Я почувствовала укор совести. До сих пор каждое лето я время от времени собирала корзинку с обедом для нас с Зоркой и Милошем, и мы с ними отправлялись в поле. Там, среди подсолнухов, под теплым летним небом, я читала им свои любимые в детстве сказки — даже «Поющего лягушонка». А в это лето я не устроила для них ни одной такой прогулки. Я хотела было сказать папе, что четырнадцатилетняя Зорка и двенадцатилетний Милош уже слишком взрослые для таких забав, но промолчала. Папа мгновенно раскусил бы эту ложь.
Он снова опустил взгляд на мою книгу, а потом заглянул мне в глаза.
— Ты не читаешь, не занимаешься. У тебя все хорошо?
— Да, папа, — сказала я, стараясь сдержать слезы.
— Не знаю, Мица… Ты даже не обрадовалась, когда пришли твои отметки на прошлой неделе. У тебя средний балл — четыре с половиной. Из шести, господи ты боже мой! Тут праздновать надо, а ты, кажется, и бокала вина с нами не выпила.
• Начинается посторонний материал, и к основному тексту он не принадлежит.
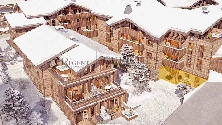 Résidence de grand standing comprenant 39 appartements, bardage en vieux en bois sur les façades, habillage en pierre de taille du pays, chêneaux en cuivre, finitions reflétant l'esprit chalet, signature des constructeurs locaux Biotope et Aspen Immobilier.
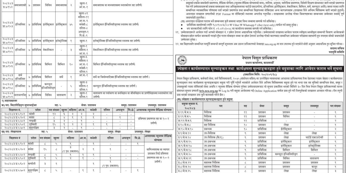 काठमाडौं । नेपाल विद्युत् प्राधिकरणले ठूलो संख्यामा कर्मचारी माग गरेको छ। प्राधिकरणले अधिकृतस्तर, सहायकस्तर, लेखापाल र सुपरभाइजरका विभिन्न पदहरूमा गरी २६५ जनाबाट दरखास्त आह्वान गरेको हो।
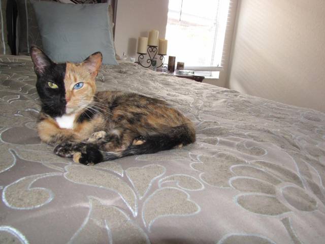eyes on either side. Truly, the cat, whose face on one side is black and
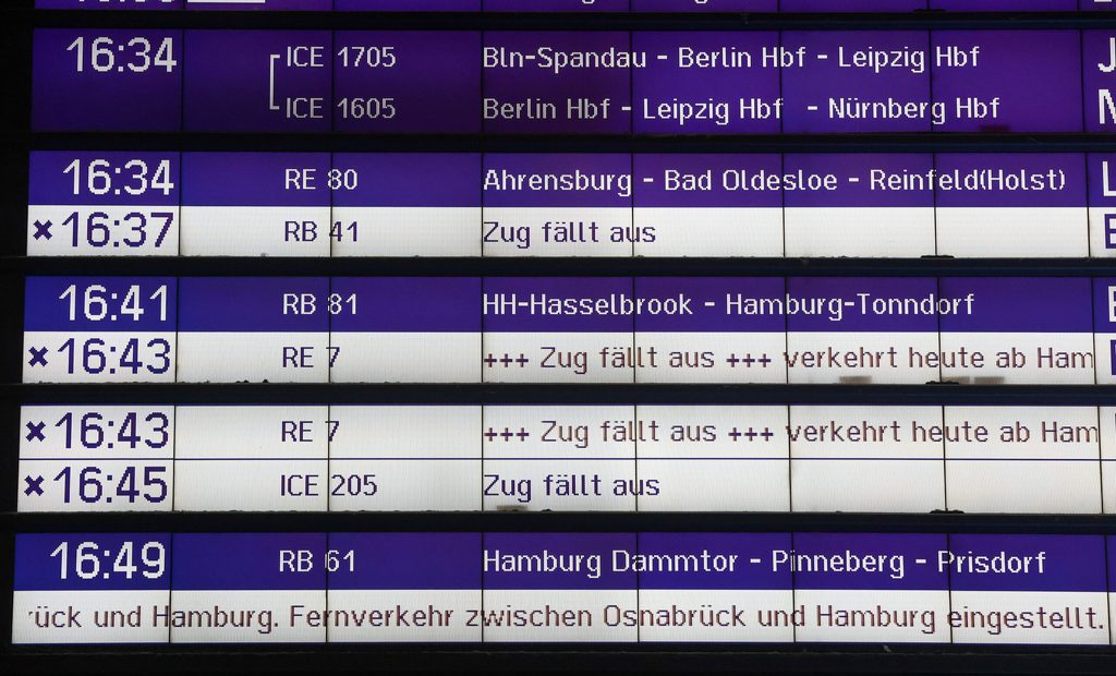 6.27 Uhr: Am Freitag fallen nach ersten Angaben Fernverkehrszüge zwischen Hamburg/Hannover, Kassel und Frankfurt/Stuttgart/Basel sowie Würzburg und München aus. In Marienhafe, Norden, Norddeich und Norddeich Mole halten keine ICE- und IC-Züge. Betroffen sind auch die EC-Zugstrecken in Hamburg und Schleswig-Holstein.
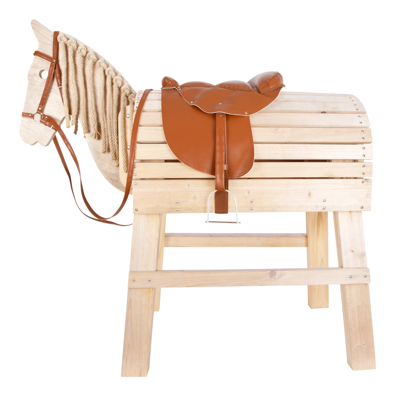 Юздата без удило и универсалната кройка на седлото са чудесни за повечето детски дървени и люлеещи се коне и подкрепят реалистичната ролевa игра.
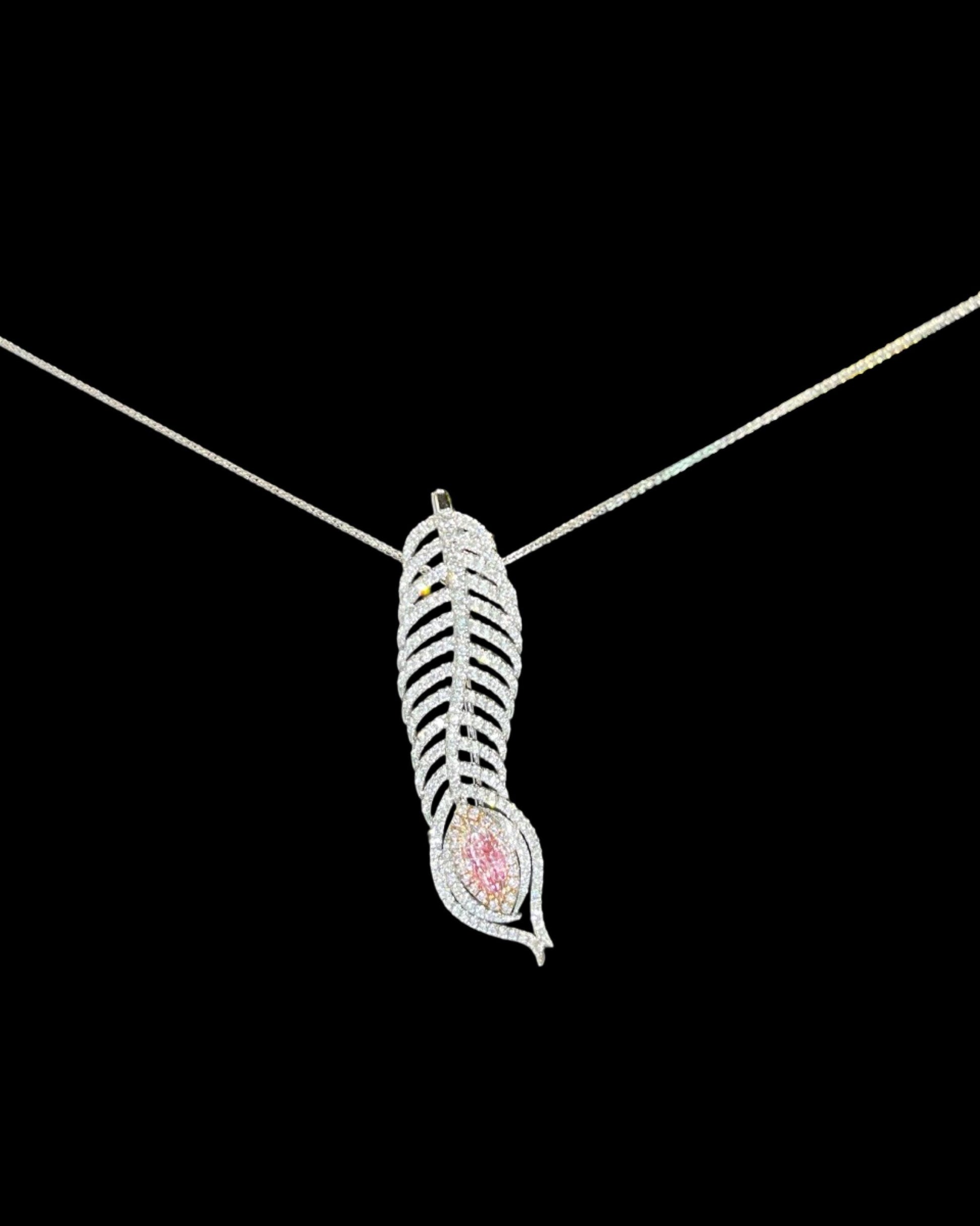 This exquisite feather pendant brooch is a one-of-a-kind piece crafted in shimmering 18K gold and pavé-set diamonds — with a GIA-certified natural light pink marquise diamond at its heart. Designed to be worn as either a pendant or a brooch, this is a statement jewel with true versatility and soul.
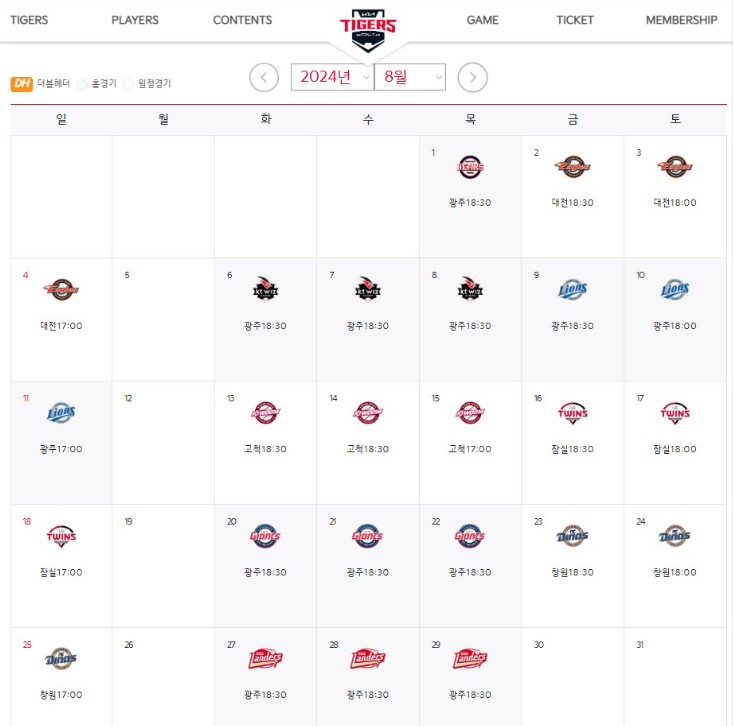 '기아타이거즈' 8월 홈경기 일정
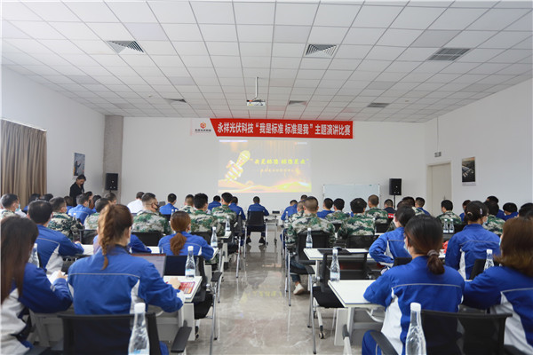 9月22日,永祥光伏科技“標(biāo)準(zhǔn)是我、我是標(biāo)準(zhǔn)”主題演講比賽圓滿(mǎn)落幕,永祥光伏科技副總經(jīng)理張軍、副總工程師馬自成、總經(jīng)理助理高俊偉、各部門(mén)負(fù)責(zé)人及部分干部員工參加。
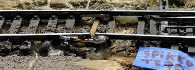 Just before turnout T370, the mainline track was of sub-par quality. There was a couple millimeter gap in the track, and it was held in place using hot glue. Once in a while we would get derailments there, and at some point we got a dead spot, and I did some repairs back in 2018.
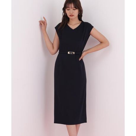 すっきりとしたVネックに上品な共地ベルトが付いたエレガントなワンピース。程良く身体に沿ったシルエットは女性の身体を美しく見せ、オケージョンにもデイリーにも使いやすいドレスになっています。肩が隠れる丈で腕を細く見せるカッティングが特長です。同素材のジャケットと合わせスーツやお仕事着、普段のキレイ目なシーンでのワンピースとして幅広く活躍するひざ下ワンピースです。
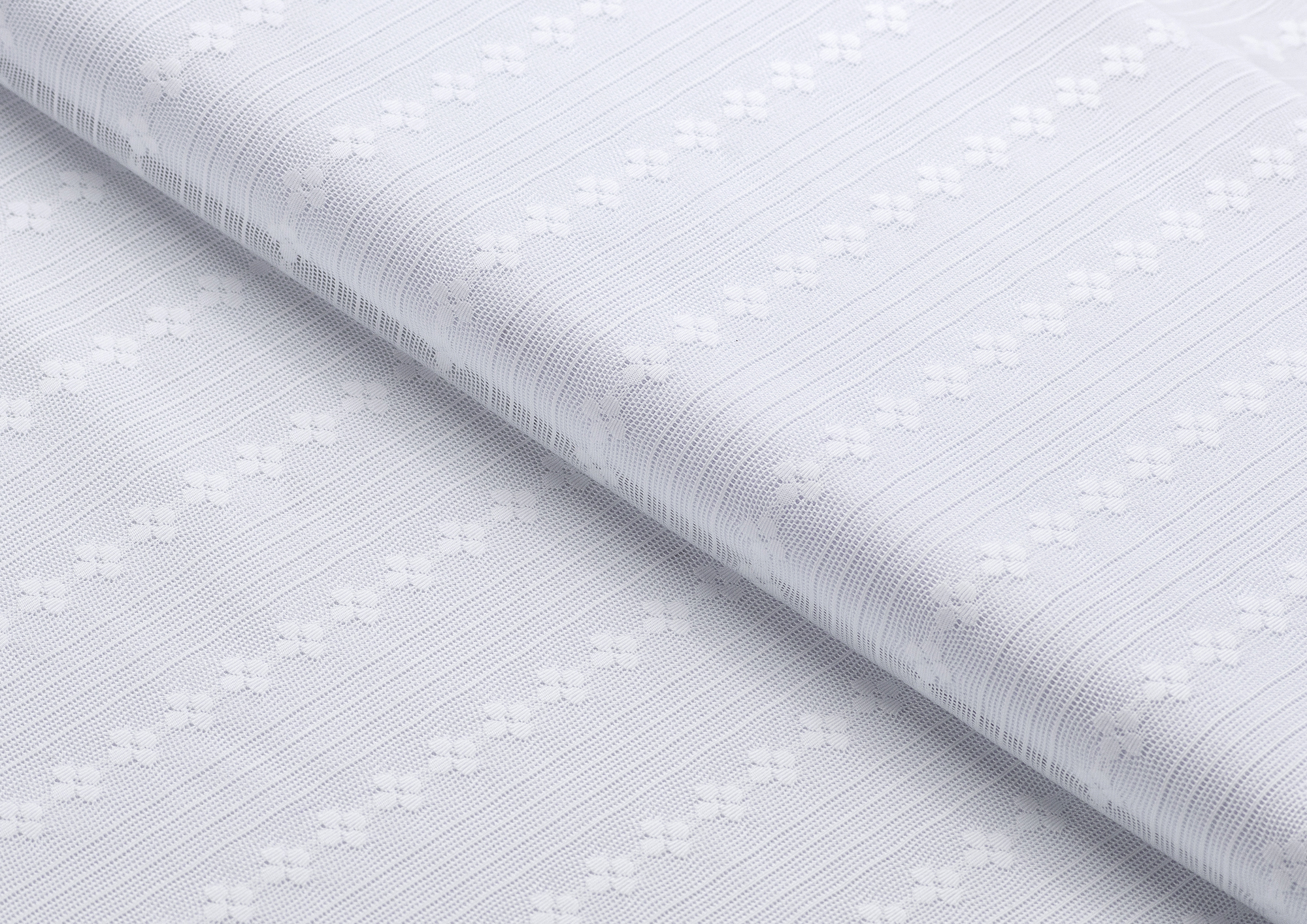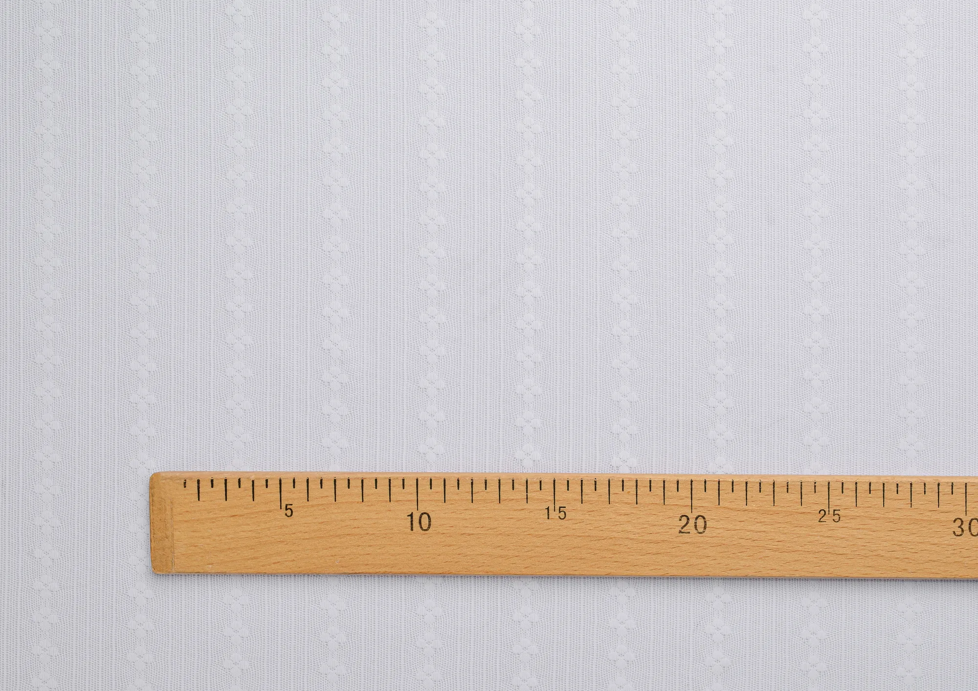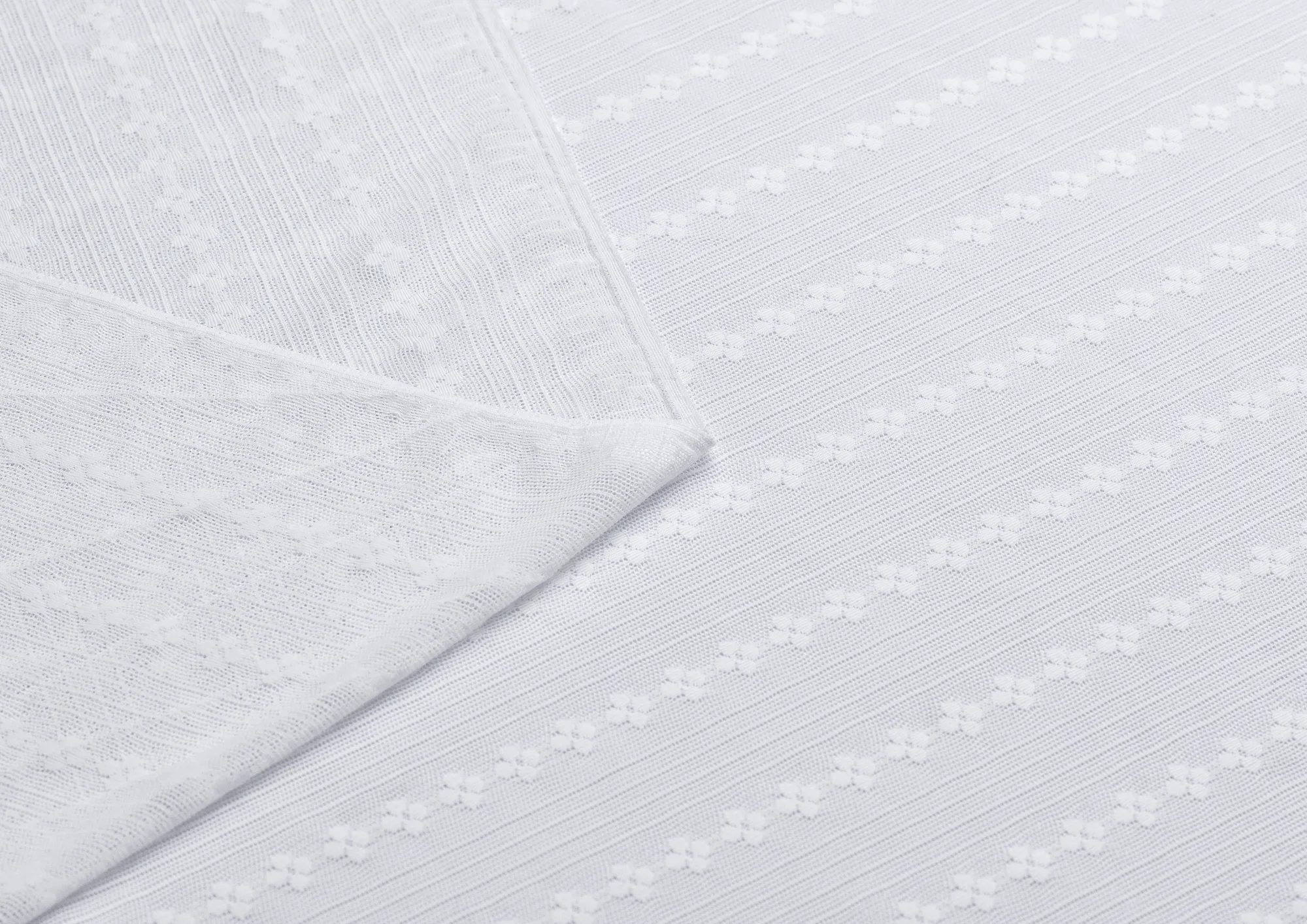 Тонкая эластичная сетка. Мягкая, приятная на ощупь. Сетка прекрасно драпируется. Полосы расположены вдоль длины полотна. Ширина между цветочными полосами 35 мм, между узкими 5 мм, d цветка 10 мм. Сетчатая ткань используется для рукоделия, пошива нижнего белья, нарядной одежды и аксессуаров.

Моя тайна жгла меня изнутри с тех пор, как я вернулась домой. Не раз мне хотелось признаться папе во всем. Сколько я себя помню, он был хранителем моих секретов. Но что-то удерживало меня. Может быть, боязнь разочаровать его после всех тех усилий, которые он приложил, чтобы дать мне образование. Может быть, боязнь разрушить его представление обо мне как о гениальном ученом-одиночке. Как я могла рассказать ему о герре Эйнштейне?
— Все хорошо, папа.
Не успели эти слова слететь с моих губ, как я поняла, что они прозвучали фальшиво.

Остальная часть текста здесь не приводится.